WHAT NEEDS TO BE DONE => Copy verbatim the block of lines in the entries below whose first line contains "Patagonia Puckerware Shirt" and whose last line contains "Renters Must Be". Leave out all other lines.

SOURCE DATA =>
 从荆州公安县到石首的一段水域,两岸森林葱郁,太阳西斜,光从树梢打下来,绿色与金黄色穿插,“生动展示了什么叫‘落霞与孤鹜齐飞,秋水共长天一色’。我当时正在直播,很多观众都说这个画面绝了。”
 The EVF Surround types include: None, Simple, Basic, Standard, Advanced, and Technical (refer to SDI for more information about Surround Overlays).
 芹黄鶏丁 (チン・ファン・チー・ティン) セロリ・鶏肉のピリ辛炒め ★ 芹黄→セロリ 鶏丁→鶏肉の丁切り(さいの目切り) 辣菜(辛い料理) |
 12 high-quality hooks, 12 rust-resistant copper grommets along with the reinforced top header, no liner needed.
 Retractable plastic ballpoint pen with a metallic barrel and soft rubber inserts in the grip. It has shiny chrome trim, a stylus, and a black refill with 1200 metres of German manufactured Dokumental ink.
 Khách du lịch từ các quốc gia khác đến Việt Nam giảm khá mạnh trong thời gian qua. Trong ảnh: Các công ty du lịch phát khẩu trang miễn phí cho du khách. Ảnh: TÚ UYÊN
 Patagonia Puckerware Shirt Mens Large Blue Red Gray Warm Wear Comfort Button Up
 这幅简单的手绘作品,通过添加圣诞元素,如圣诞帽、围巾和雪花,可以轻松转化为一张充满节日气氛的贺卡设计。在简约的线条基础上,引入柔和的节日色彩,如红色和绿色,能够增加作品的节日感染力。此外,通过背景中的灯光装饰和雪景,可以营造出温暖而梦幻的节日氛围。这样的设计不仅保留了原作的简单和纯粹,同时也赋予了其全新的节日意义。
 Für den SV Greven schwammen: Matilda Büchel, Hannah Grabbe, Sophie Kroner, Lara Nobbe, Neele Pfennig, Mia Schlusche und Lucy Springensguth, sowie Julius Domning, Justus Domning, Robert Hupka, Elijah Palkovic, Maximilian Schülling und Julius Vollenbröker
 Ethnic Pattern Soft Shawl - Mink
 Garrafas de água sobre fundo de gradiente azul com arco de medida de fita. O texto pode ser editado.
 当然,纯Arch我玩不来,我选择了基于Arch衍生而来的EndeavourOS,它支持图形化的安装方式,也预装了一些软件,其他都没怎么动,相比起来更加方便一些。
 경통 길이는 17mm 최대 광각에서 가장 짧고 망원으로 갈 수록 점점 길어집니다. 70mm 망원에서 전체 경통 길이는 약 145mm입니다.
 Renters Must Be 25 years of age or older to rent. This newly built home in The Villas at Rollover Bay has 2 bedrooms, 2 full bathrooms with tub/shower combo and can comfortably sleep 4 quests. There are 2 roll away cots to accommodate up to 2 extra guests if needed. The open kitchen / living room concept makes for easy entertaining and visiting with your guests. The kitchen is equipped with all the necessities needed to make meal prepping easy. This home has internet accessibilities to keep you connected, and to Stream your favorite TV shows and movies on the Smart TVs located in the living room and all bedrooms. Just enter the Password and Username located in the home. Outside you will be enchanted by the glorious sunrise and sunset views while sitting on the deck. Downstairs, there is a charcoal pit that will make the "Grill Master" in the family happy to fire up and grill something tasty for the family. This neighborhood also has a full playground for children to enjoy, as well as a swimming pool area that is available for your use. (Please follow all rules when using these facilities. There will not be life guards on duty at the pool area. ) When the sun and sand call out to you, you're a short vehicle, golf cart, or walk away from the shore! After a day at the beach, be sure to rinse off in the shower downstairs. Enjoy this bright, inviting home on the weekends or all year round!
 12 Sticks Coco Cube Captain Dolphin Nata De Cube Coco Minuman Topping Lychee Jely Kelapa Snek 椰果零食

REPLY TO THE EXERCISE =>
 Patagonia Puckerware Shirt Mens Large Blue Red Gray Warm Wear Comfort Button Up
 这幅简单的手绘作品,通过添加圣诞元素,如圣诞帽、围巾和雪花,可以轻松转化为一张充满节日气氛的贺卡设计。在简约的线条基础上,引入柔和的节日色彩,如红色和绿色,能够增加作品的节日感染力。此外,通过背景中的灯光装饰和雪景,可以营造出温暖而梦幻的节日氛围。这样的设计不仅保留了原作的简单和纯粹,同时也赋予了其全新的节日意义。
 Für den SV Greven schwammen: Matilda Büchel, Hannah Grabbe, Sophie Kroner, Lara Nobbe, Neele Pfennig, Mia Schlusche und Lucy Springensguth, sowie Julius Domning, Justus Domning, Robert Hupka, Elijah Palkovic, Maximilian Schülling und Julius Vollenbröker
 Ethnic Pattern Soft Shawl - Mink
 Garrafas de água sobre fundo de gradiente azul com arco de medida de fita. O texto pode ser editado.
 当然,纯Arch我玩不来,我选择了基于Arch衍生而来的EndeavourOS,它支持图形化的安装方式,也预装了一些软件,其他都没怎么动,相比起来更加方便一些。
 경통 길이는 17mm 최대 광각에서 가장 짧고 망원으로 갈 수록 점점 길어집니다. 70mm 망원에서 전체 경통 길이는 약 145mm입니다.
 Renters Must Be 25 years of age or older to rent. This newly built home in The Villas at Rollover Bay has 2 bedrooms, 2 full bathrooms with tub/shower combo and can comfortably sleep 4 quests. There are 2 roll away cots to accommodate up to 2 extra guests if needed. The open kitchen / living room concept makes for easy entertaining and visiting with your guests. The kitchen is equipped with all the necessities needed to make meal prepping easy. This home has internet accessibilities to keep you connected, and to Stream your favorite TV shows and movies on the Smart TVs located in the living room and all bedrooms. Just enter the Password and Username located in the home. Outside you will be enchanted by the glorious sunrise and sunset views while sitting on the deck. Downstairs, there is a charcoal pit that will make the "Grill Master" in the family happy to fire up and grill something tasty for the family. This neighborhood also has a full playground for children to enjoy, as well as a swimming pool area that is available for your use. (Please follow all rules when using these facilities. There will not be life guards on duty at the pool area. ) When the sun and sand call out to you, you're a short vehicle, golf cart, or walk away from the shore! After a day at the beach, be sure to rinse off in the shower downstairs. Enjoy this bright, inviting home on the weekends or all year round!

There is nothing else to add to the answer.